*** Block opens ***
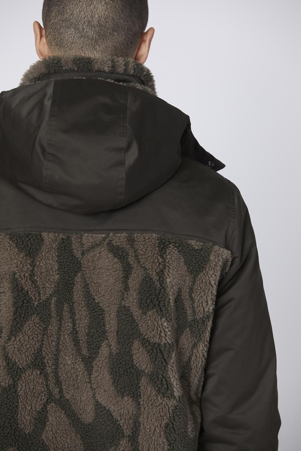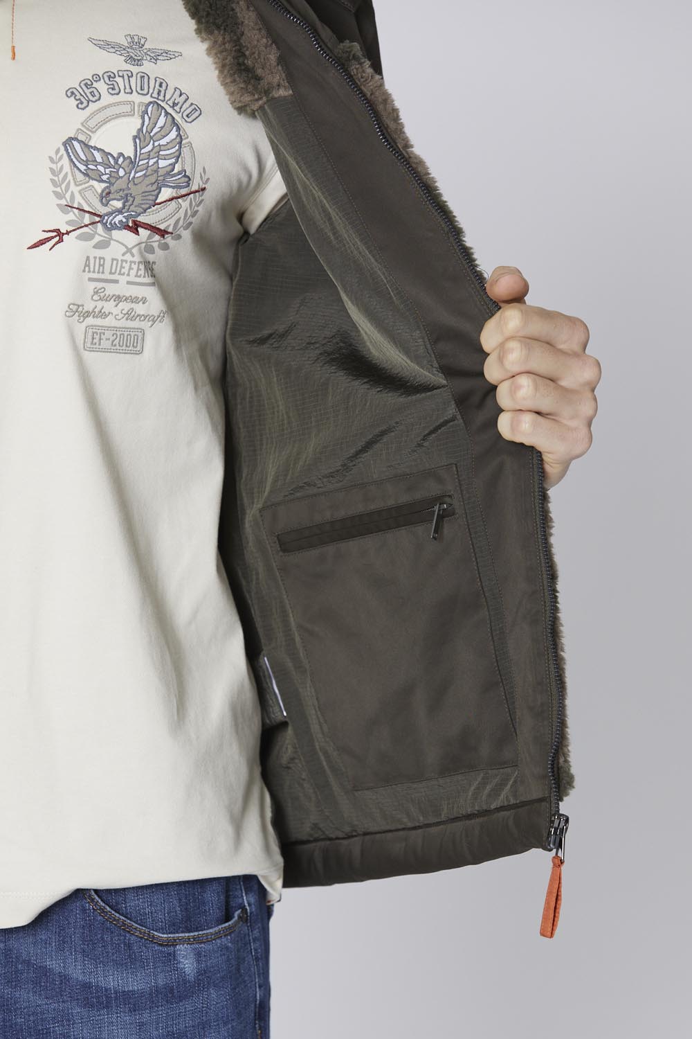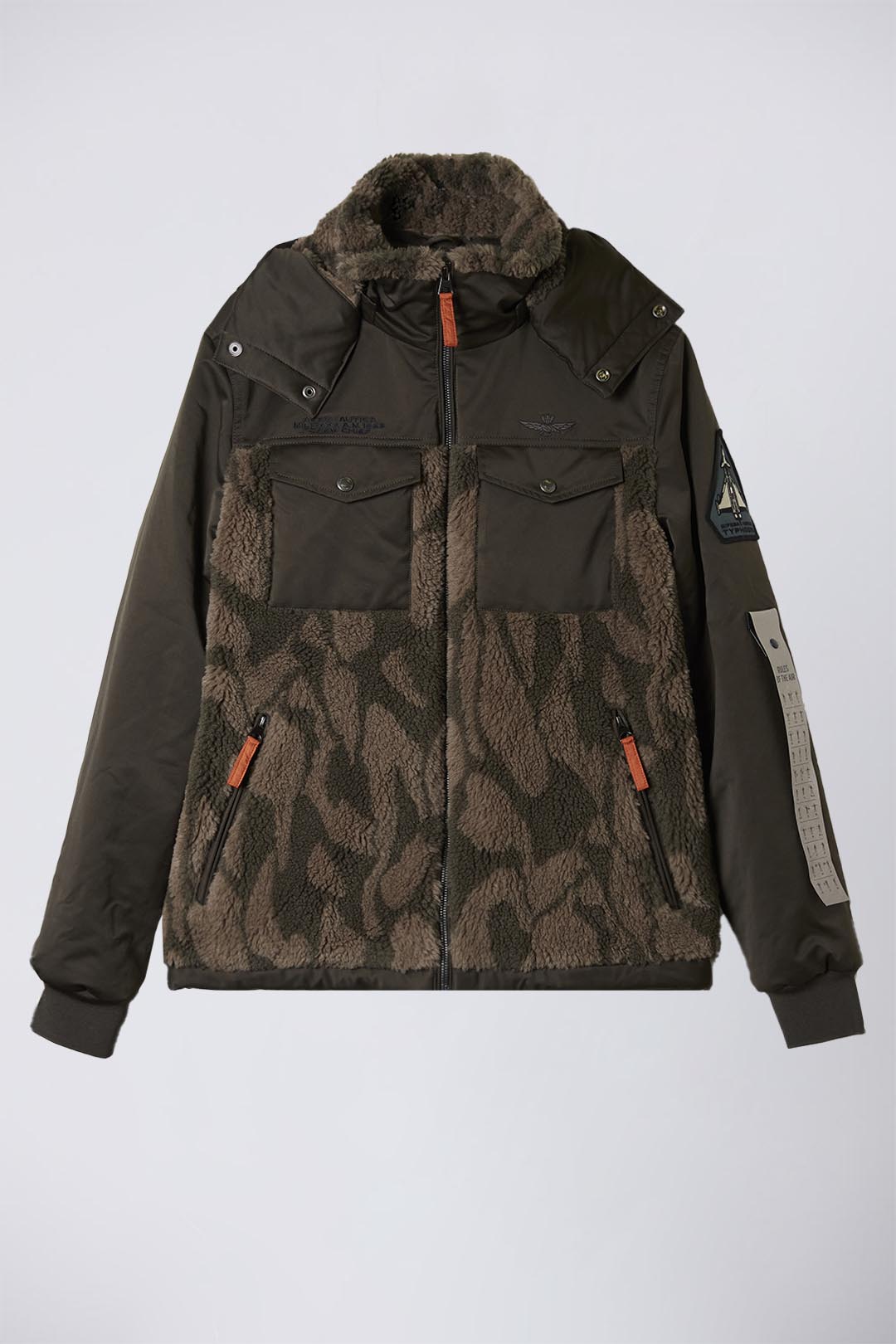 Tato bunda kombinuje dvě různé látky: měkkou žakárovou ekokůži s jedinečným maskovacím vzorem a lesklý nylonový taft. Výrazný design a úpravy oslavují operační roli velitele posádky a 36. křídla, zatímco odnímatelná kapuce dodává všestrannost.
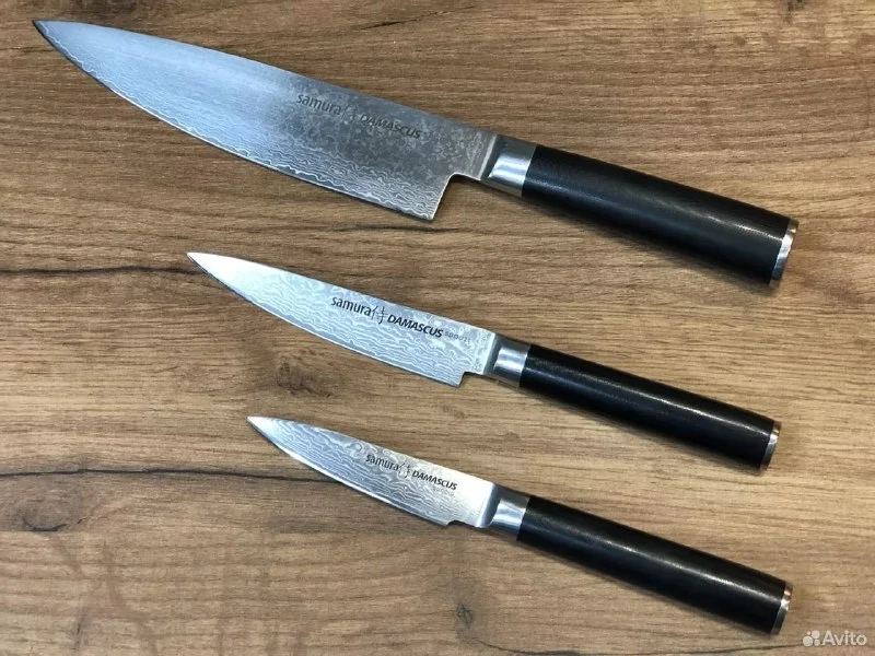 Продаю шикарную поварскую тройку Samura Damascus. Шеф, универсальный и овощной нож. Сердцевина VG-10 в обкладках из дамаска. Профессионально заточу в бритву.
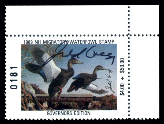 NH7G(s),New Hampshire 1989 Hand-signed Governor's Edition, by Governor Judd Gregg, upper right corner margin single, Superb NH, only 300 issued Cat($250) (Image)
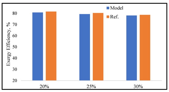 A comparison between the current model exergy analysis and the previous work of [38] is illustrated in Figure 14. The results are carried out for the same feedstock (solid residues, mixture of MSW) for different MC levels, as shown in the figure. The results demonstrate a fairly good agreement between the current model and previous work with negligible variations.
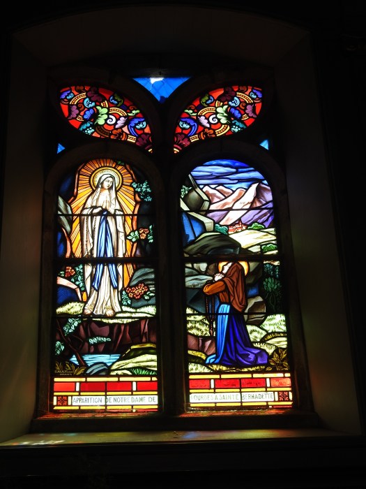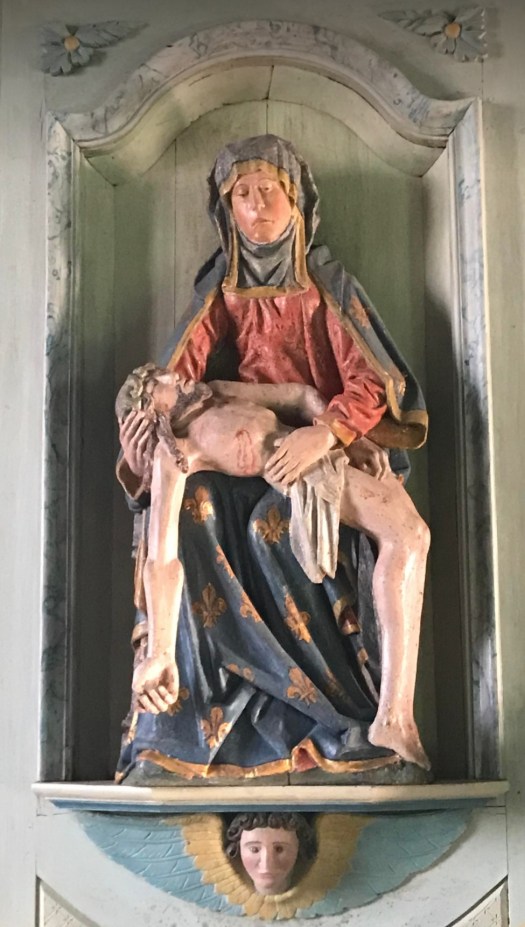 Dans le transept sud, l’autel de la Vierge est surmonté d’une belle statue de la Vierge de l’apocalypse, la lune sous ses pieds. Marie est heureuse de présenter son fils un tantinet espiègle. Les huit petites niches abritaient autre fois les petits saints. Seul St Chrysante qui a trouvé refuge dans sa fontaine a résisté au temps. Il est remplacé par une autre sculpture. On peut le voir actuellement à St Tugen.
*** Block closes ***
Locate "A comparison between" in the listing above, then print exactly the lines from that line through the final one, omitting all pictures.

 A comparison between the current model exergy analysis and the previous work of [38] is illustrated in Figure 14. The results are carried out for the same feedstock (solid residues, mixture of MSW) for different MC levels, as shown in the figure. The results demonstrate a fairly good agreement between the current model and previous work with negligible variations.
 Dans le transept sud, l’autel de la Vierge est surmonté d’une belle statue de la Vierge de l’apocalypse, la lune sous ses pieds. Marie est heureuse de présenter son fils un tantinet espiègle. Les huit petites niches abritaient autre fois les petits saints. Seul St Chrysante qui a trouvé refuge dans sa fontaine a résisté au temps. Il est remplacé par une autre sculpture. On peut le voir actuellement à St Tugen.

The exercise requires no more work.